I have some external data I need to import. How do I encode the input string as unicode/utf8?
Here is an example of a probematic line
>>>'Compa\xf1\xeda Dominicana de Tel\xe9fonos, C. por A. - CODETEL'.encode("utf8")
Traceback (most recent call last):
File "", line 1, in
UnicodeDecodeError: 'ascii' codec can't decode byte 0xf1 in position 5: ordinal not in range(128)
-
1The answer is given. But I suggest you invest some time learn about unicode, you won't regreat it :) nedbatchelder.com/text/unipain.htmlNiclas Nilsson– Niclas Nilsson2012年11月26日 08:19:01 +00:00Commented Nov 26, 2012 at 8:19
3 Answers 3
.encode("utf8") expects the source to be a unicode string. You are using it with a "regular" string which has "ascii" encoding by default. You should do something like:
original_string.decode('original_encoding').encode('utf-8')
In your case my guess would be:
'Compa\xf1\xeda Dominicana de Tel\xe9fonos, C. por A. - CODETEL'.decode("iso8859-1").encode("utf8")
Comments
To convert bytes to a Unicode string use decode instead of encode.
Also that is not UTF-8. I guess it's Latin-1:
>>> print 'Compa\xf1\xeda Dominicana de Tel\xe9fonos, C. por A. - CODETEL'.decode("latin1")
Compañía Dominicana de Teléfonos, C. por A. - CODETEL
Comments
encode converts from a unicode string to a sequence of bytes. decode converts from a sequence of bytes to a unicode string. You want decode, because your data are already encoded.

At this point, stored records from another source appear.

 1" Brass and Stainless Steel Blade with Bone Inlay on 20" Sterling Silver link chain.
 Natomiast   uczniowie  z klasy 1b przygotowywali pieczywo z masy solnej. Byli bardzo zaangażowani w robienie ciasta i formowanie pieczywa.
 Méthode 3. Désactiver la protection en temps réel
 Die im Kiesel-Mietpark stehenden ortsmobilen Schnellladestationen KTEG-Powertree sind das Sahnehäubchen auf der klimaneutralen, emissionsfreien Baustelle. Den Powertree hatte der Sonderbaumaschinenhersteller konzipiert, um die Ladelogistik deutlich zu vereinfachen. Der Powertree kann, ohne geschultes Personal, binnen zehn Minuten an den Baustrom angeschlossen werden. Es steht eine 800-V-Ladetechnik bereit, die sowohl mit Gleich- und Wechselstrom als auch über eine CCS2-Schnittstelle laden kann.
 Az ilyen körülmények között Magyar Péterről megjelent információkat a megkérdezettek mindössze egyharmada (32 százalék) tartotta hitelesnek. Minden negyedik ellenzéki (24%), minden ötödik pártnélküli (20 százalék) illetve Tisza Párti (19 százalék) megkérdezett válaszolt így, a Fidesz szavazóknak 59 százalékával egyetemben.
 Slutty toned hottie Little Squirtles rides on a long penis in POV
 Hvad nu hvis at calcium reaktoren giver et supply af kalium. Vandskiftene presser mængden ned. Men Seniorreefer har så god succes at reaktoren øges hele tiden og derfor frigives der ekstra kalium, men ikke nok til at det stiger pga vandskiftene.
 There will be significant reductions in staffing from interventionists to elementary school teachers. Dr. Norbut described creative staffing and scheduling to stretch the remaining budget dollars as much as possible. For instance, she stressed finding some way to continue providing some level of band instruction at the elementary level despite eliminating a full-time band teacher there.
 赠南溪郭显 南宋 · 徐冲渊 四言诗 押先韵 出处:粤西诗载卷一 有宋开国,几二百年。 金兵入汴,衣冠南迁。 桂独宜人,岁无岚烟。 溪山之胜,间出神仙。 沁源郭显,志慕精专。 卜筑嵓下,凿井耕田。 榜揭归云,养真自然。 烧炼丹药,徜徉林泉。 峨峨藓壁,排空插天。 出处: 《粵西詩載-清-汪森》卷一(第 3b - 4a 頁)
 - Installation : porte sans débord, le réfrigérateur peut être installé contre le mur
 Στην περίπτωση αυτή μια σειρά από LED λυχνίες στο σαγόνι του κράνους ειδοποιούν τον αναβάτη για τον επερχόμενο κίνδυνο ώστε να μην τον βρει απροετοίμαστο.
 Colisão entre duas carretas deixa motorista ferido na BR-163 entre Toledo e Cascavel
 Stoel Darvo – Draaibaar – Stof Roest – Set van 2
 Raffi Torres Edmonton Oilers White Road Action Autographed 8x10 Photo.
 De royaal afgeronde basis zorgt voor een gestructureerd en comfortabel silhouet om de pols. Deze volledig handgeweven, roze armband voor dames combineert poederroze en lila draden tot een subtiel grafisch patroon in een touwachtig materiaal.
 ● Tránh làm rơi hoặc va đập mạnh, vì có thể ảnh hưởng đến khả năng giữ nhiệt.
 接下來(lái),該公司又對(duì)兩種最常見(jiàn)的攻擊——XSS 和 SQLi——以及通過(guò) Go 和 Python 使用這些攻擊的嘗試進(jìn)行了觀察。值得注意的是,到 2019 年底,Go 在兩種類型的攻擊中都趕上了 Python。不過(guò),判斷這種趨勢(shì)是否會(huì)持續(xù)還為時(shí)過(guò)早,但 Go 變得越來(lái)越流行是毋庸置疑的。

More generally, if you're reading a string from an external source, you always want to decode, because there's no such thing as a "unicode string" out there in the world. There are only representations of that unicode string in various encodings. Unicode strings are like a Platonic ideal that can only be transmitted through the corporeal medium of encodings.